Four acyl-arginyl-p-nitroanilides, nine acetyl-(or benzoyl)-aminoacyl-arginyl-p-nitroanilides and twelve acyl-(or free alpha-amino-)dipeptidyl-arginyl-p-nitroanilides were synthesized, and the kinetic parameters for tryptic hydrolysis of these substrates were determined in 100 mM Tris-HCl buffer, pH 8.0, containing 10 mM CaCl2 at 37 degrees C. Among the acyl-arginyl-p-nitroanilides, Octanoyl-Arg-pNA was hydrolyzed four times more rapidly by trypsin than the commonly used substrate Benzoyl-Arg-pNa.
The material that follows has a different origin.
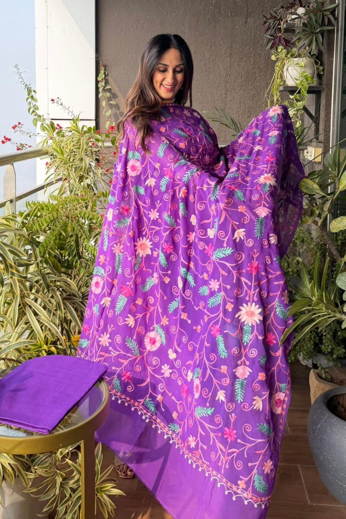 Kashmiri embroidery Jaal dupatta full sets on georgette fabric
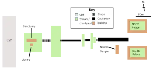 L’ensemble est orienté selon un axe est-ouest, et depuis la plaine, escalade le flanc de la montagne pour aboutir au sanctuaire, situé sur une terrasse au pied de la falaise où coule la source sacrée. Le site commence avec deux barays (lacs artificiels), ensuite une allée de grès jalonné de bornes mène aux deux grands palais (nord et sud). Une route ancienne surélevée conduit au temple de Nang Sida et continuait autrefois vers Angkor.

The best trypsin substrates contain proline and norleucine at subsite P2, indicating that unbranched aliphatic side chain folded as the beta, gamma and delta methylenes are in proline provides the most favorable conditions for S2P2 interaction. Extending the length of the substrates from di- to tripeptidyl-pNA did not have a large influence on the kinetic parameters. However, Phe at the P3 position had a clear favorable effect, in contrast to Pro, which is unfavorable only when the benzoyl group is present at P4. The series Ac-Phe (or D-Phe)-Gly-Arg-pNA and Phe (or D-Phe)-Gly-Arg-pNA were studied. The benzyl side chain of D-Phe has a more favorable interaction at S3 than Phe. A P4 - CO. . .HN-S4 hydrogen bond is proposed to stabilize P3/S3 interaction when an acetyl group is present on the alpha-amino group of the Phe residue, and the reverse would be expected to occur for the corresponding D-epimer.